## Saved entries
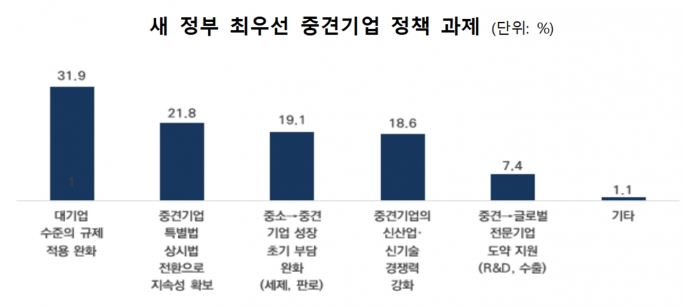 중견기업계가 지목한 최우선 경제 정책 과제는 ‘성장 저해 규제 혁파(32.4%)’, ‘중견·중소기업 육성(25.0%)’, ‘근로시간 유연화 등 노동 개혁(23.4%)’ 등 순으로 조사됐다.
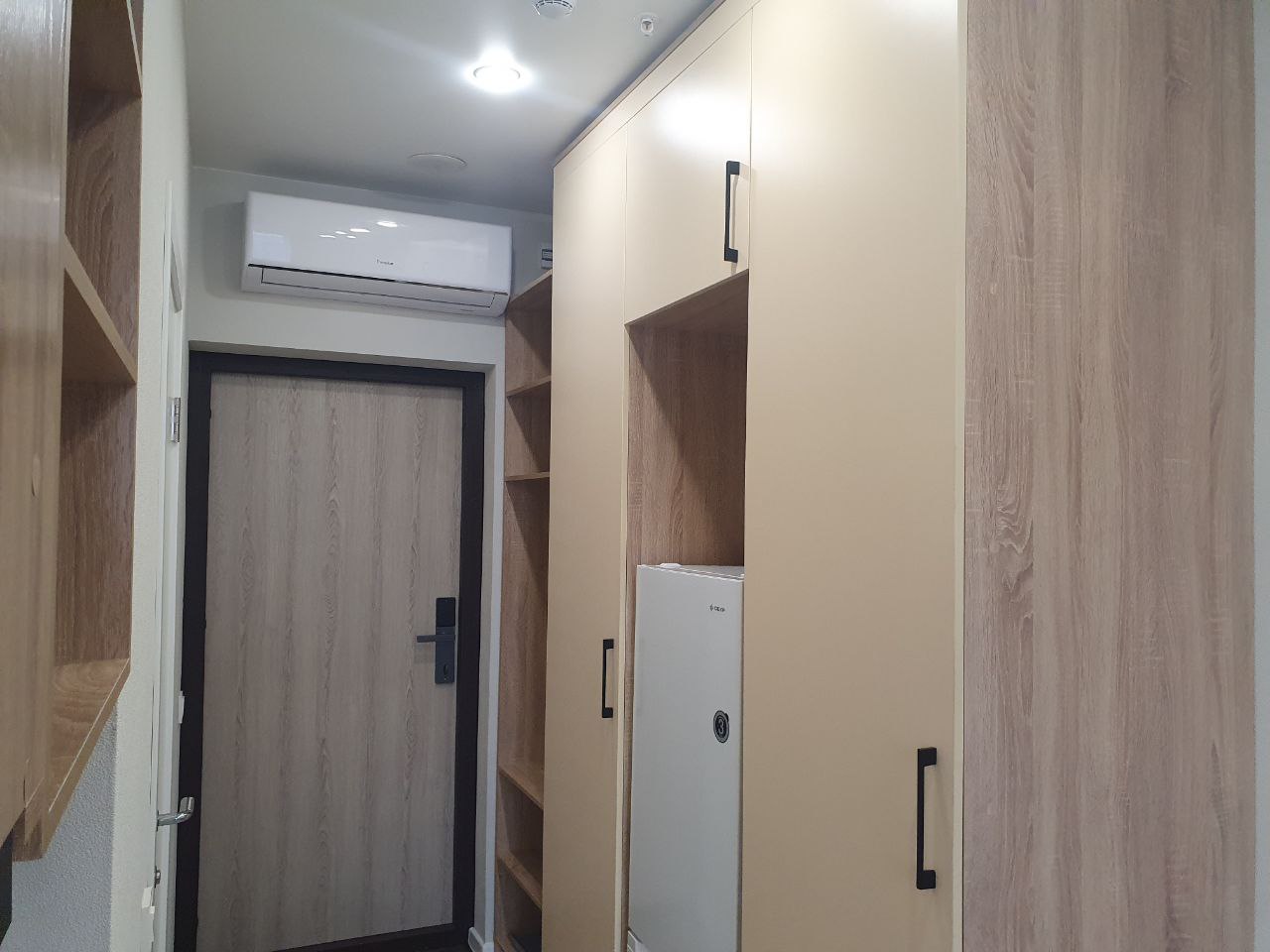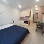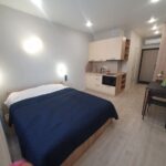 - Техника: кондиционер, холодильник, встроенная плита и микроволновка, стиральная машина, телевизор.
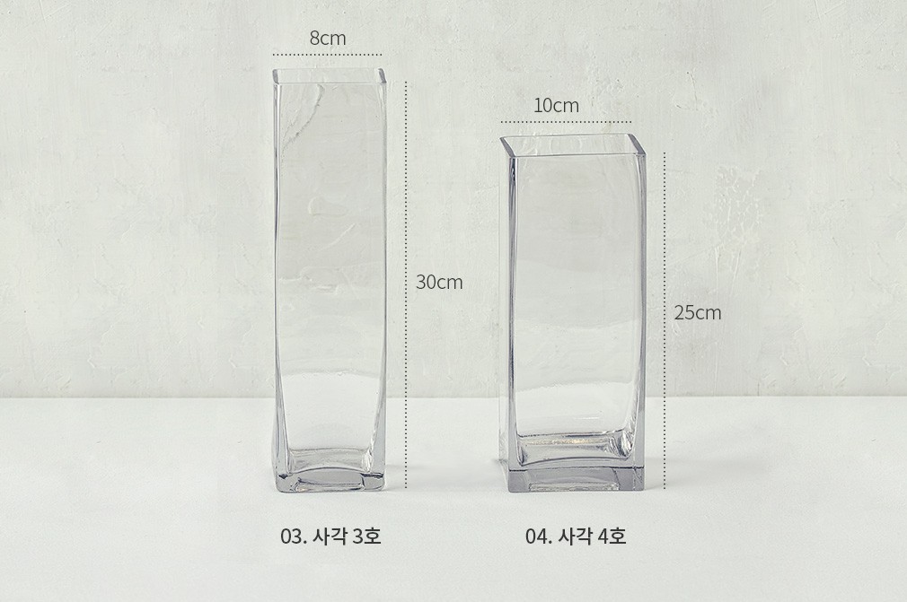 ・특징 : 사각 1호보다 몸체가 살짝 긴 화병이에요. 줄기가 긴 꽃, 가지가 풍성한 그린 소재들을 꽂아 두기 좋아요.
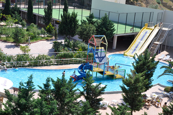 AF Hotel AF Hotel находится вдали от городской суеты, славится чистым воздухом и великолепным видом на море. В отеле существуют одноместные и двуместные стандартные, двуместные Delux номера, четырехместные 3-х комнатные апартаменты, дуплексные коттеджи на 4+1 человек, AquaPark с бассейнами для детей и взрослых, детский развлекательный центр, игровые и спортивные залы, футбольные, волейбольные и баскетбольные площадки, теннисный корт и центр настольных игр.
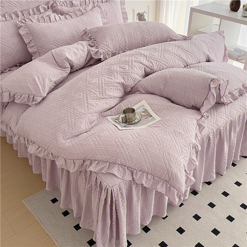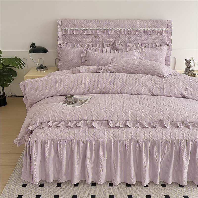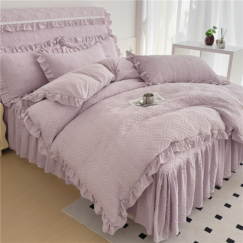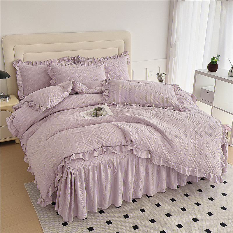 当前位置: 91家纺网 > 商品网购 > 床品套件 > 四件套 > 水洗棉四件套 > 十个点 2024新款亲肤水洗泡泡棉夹棉绗缝床裙款单品及套件 豆沙
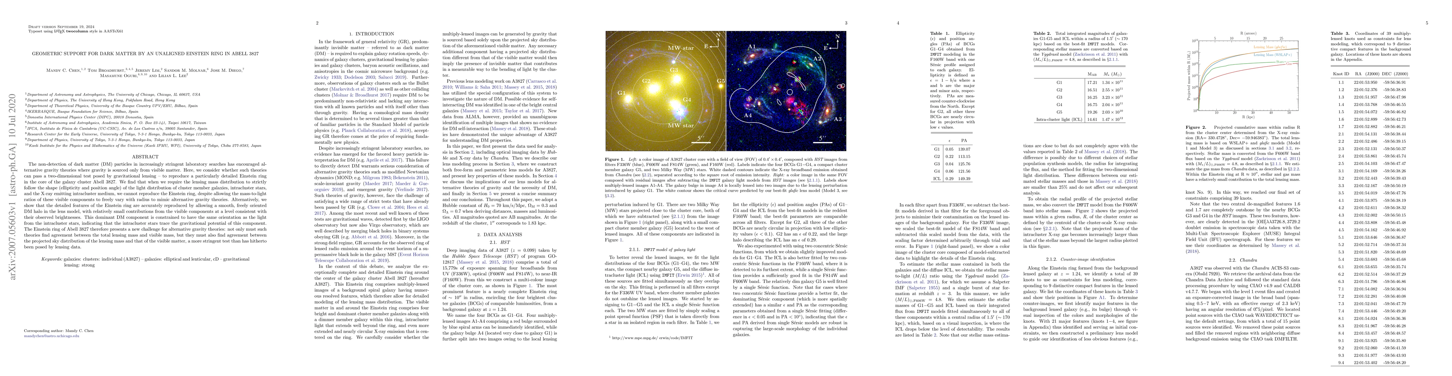 The paper investigates whether alternative gravity theories, which attribute gravity solely to visible matter, can explain the detailed Einstein ring in Abell 3827. It finds that these theories fail to reproduce the ring's features when only visible mass components are considered, but accurately reproduces the ring when a dark matter halo is included.

## Exercise objective
Within these entries, output exactly the lines starting at the one with "- Техника: кондиционер, холодильник, встроенная" and finishing at the one with "소재들을 꽂아 두기 좋아요.". Leave pictures out of the output.

## Exercise response
 - Техника: кондиционер, холодильник, встроенная плита и микроволновка, стиральная машина, телевизор.
 ・특징 : 사각 1호보다 몸체가 살짝 긴 화병이에요. 줄기가 긴 꽃, 가지가 풍성한 그린 소재들을 꽂아 두기 좋아요.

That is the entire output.